Making Agents Production-Ready
Let’s say you’re building an AI agent with Pydantic AI. The agent works great in development, but now you need it to run reliably in production, handling API rate limits, recovering from network hiccups, and providing visibility into what’s happening during execution.
The PrefectAgent wrapper adds these production capabilities without changing your agent’s logic. Before we see it in action, here’s what you need to know: a Pydantic AI Agent is a Python object that calls LLMs with typed inputs and outputs, and Prefect flows are workflows (sequences of operations) that Prefect tracks and orchestrates. Each operation within a flow is called a task.
1from pydantic_ai import Agent
2from pydantic_ai.providers.prefect import PrefectAgent, TaskConfig
3
4
5# Standard agent definition
6agent = Agent(
7 'openai:gpt-4o',
8 name='data_analyst',
9 system_prompt='You are an expert data analyst.',
10)
11
12# Wrap with Prefect instrumentation# TaskConfig controls retry behavior, timeouts, and other execution policies
13prefect_agent = PrefectAgent(
14 agent,
15 model_task_config=TaskConfig( # Separate config for LLM calls
16 retries=3,
17 retry_delay_seconds=[1.0, 2.0, 4.0],
18 timeout_seconds=60.0,
19 ),
20 tool_task_config=TaskConfig( # Separate config for tool invocations
21 retries=2,
22 retry_delay_seconds=[0.5, 1.0],
23 ),
24)
25
26# This .run() call now executes as a Prefect flow
27result = await prefect_agent.run('Analyze the sales data for Q4')What This Gives You
When you call .run(), Prefect:
- Creates a flow to track the entire agent execution - The full workflow becomes a Prefect flow with complete execution history
- Runs each LLM call as a task - Model calls get their own retry policy (3 retries, exponential backoff in the example above)

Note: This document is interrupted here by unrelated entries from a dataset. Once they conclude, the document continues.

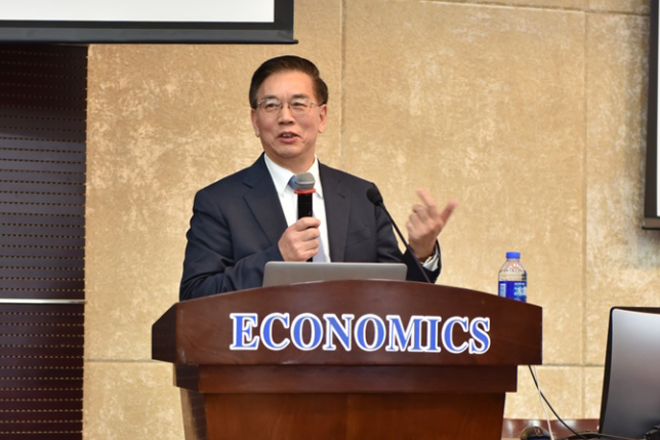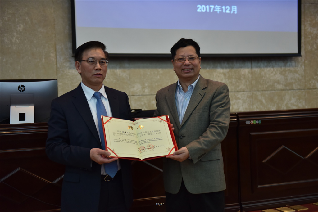 讲座由厦门大学特聘教授、经济学院副院长朱孟楠主持,美国康奈尔大学教授洪永淼为林建海秘书长颁授南强学术讲座纪念牌、以及厦门大学经济学院与王亚南经济研究院兼职教授荣誉证书、富邦金融与产业论坛讲座纪念牌。
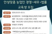 (비전21뉴스) 안성시농업기술센터가 지역 농업인의 안정적인 영농 활동을 돕기 위해 오는 31일까지 ‘안성맞춤 농업인 경영·세무·법률 교육’ 교육생을 모집한다. 이번 교육은 전문가 특강을 통해 농가 운영 중 발생할 수 있는 경영적, 법적 문제를 사전에 예방하고 해결할 수 있는 역량을 키워주기 위해 마련됐다. 교육은 오는 4월 6일부터 30일까지 주제별 지정된 날짜에 진행된다. 모집 분야는 ▲농업 경영 ▲농업 세무 ▲농업 법률 등 3개 과정이며, 분야별로 30명씩 총 90명을 선발한다. 신청 인원이 초과할 경우 내부 선발 기준에 따라 교육생을 최종 선정할 예정이다. 신청 자격은 농업 경영에 관심 있는 안성시민이라면 누구나 가능하며, 접수는 3월 31일까지다. 참여를 희망하는 시민은 이메일을 보내거나 농업기술센터 농업지도과(보개원삼로 219)를 방문해 신청하면 된다. 시 관계자는 “농업인의 눈높이에 맞춘 경영·법률·세무 전문가 특강이 농가 역량을 강화하는 좋은 기회가 될 것”이라며, “안성 농업의 내실을 다지고 싶은 시민 여러분의 많은 관심과 참여를 바란다”고 말했다.
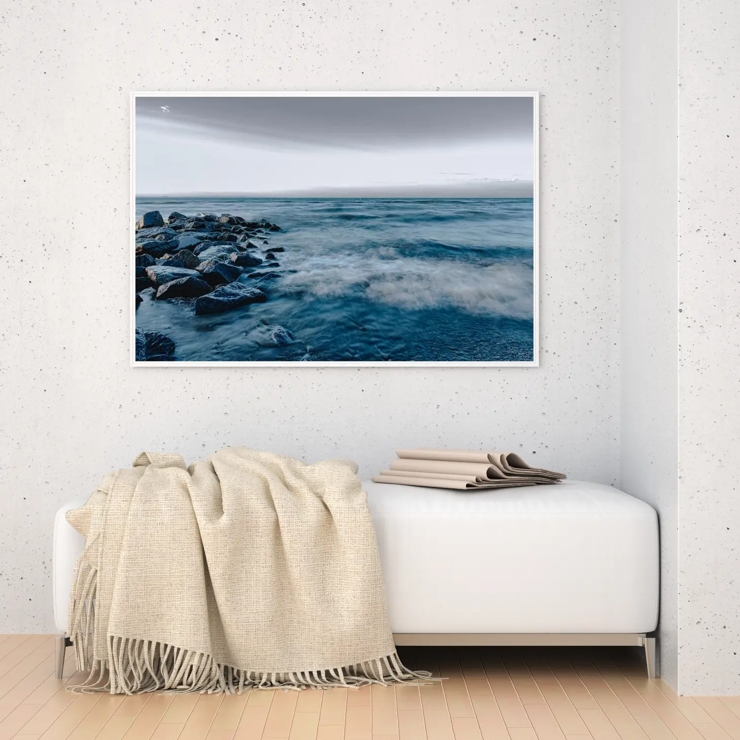 لوحات مناظر طبيعية تعكس أمواج البحر الزرقاء تحت سماء غائمة، جو هادئ ومريح. لوحات فخمة، لوحات جدارية للمنزل، لوحات أنيقة.
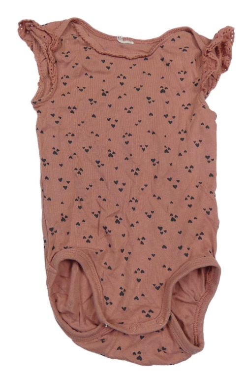 Růžové body se srdíčky a krajkou na rukávech
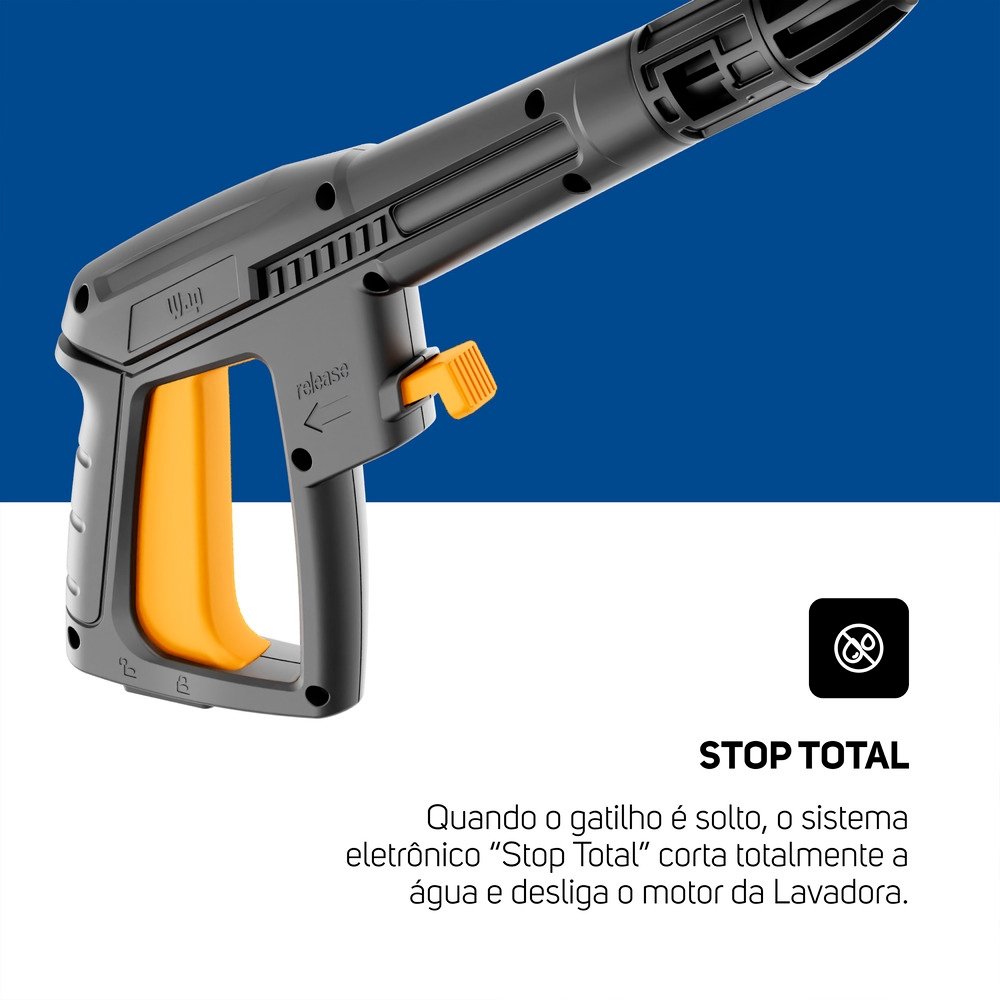 A alta pressão de 1500 PSI garante uma limpeza profunda, transformando tarefas desafiadoras em fáceis.

- Runs each tool invocation as a task - Tools get faster retries (2 retries, shorter delays in the example above) since they typically have different failure characteristics
- Records call type and duration - Tasks are named based on the call type and duration is recorded for each task
- Caches successful task results - Full workflow retries don’t repeat completed work, saving time and API costs
You can view all of this in Prefect’s web dashboard, which shows which steps succeeded, which failed, and how long everything took.
Failure Recovery: Durable Execution and Smart Retries
We mentioned that Prefect caches successful task results, but what does that actually mean for your agent workflows? It means failures don’t force you to start over from scratch. This is called durable execution: when a workflow fails, you can retry it and Prefect skips the steps that already succeeded, resuming from the point of failure.
Agent workflows fail in predictable ways: API rate limits, network timeouts, tool execution errors, and validation failures. While you can’t eliminate all errors, recovering from them efficiently improves your chances of success.
Where Agent Workflows Break
Consider a data analysis agent that:
- Calls the LLM to plan the analysis
- Invokes a calculate_statistics tool
- Calls the LLM again to interpret results
- Invokes a detect_anomalies tool
- Makes a final LLM call to generate recommendations
If step 4 fails due to a transient network error, a naive retry means re-executing all five steps—including three potentially expensive LLM API calls. This wastes money and time.
Granular Retry Configuration
The first thing you can do to add resilience to your agent workflows is to configure granular retry policies for different components. Different components have different failure characteristics, so the integration allows separate retry policies:
1prefect_agent = PrefectAgent(
2 agent,
3 model_task_config=TaskConfig(
4 retries=3, # LLM calls: retry with exponential backoff
5 retry_delay_seconds=[1.0, 2.0, 4.0],
6 timeout_seconds=60.0,
7 ),
8 tool_task_config=TaskConfig(
9 retries=2, # Tools: fewer retries, faster backoff
10 retry_delay_seconds=[0.5, 1.0],
11 ),
12)Configuring retries ensures that your agent workflows can recover from transient failures and continue to execute successfully. This will mitigate errors in a lot of cases, but what happens when you break through all the retries and the agent still fails? That’s where Prefect’s durable execution model comes in.
Durable Execution
Prefect adds additional durability to your agent workflows with transactional task semantics. When a task completes successfully, Prefect generates a cache key and persists its result. If the flow fails, subsequent runs load these cached results via their cache key and skip the completed tasks. Execution resumes from the failure point.
One of the things that makes Prefect’s caching so useful is its customizability. Prefect ships with a sane default cache policy that works for most use cases, where the task’s inputs, source code, and the ID of its parent function are used to generate a cache key.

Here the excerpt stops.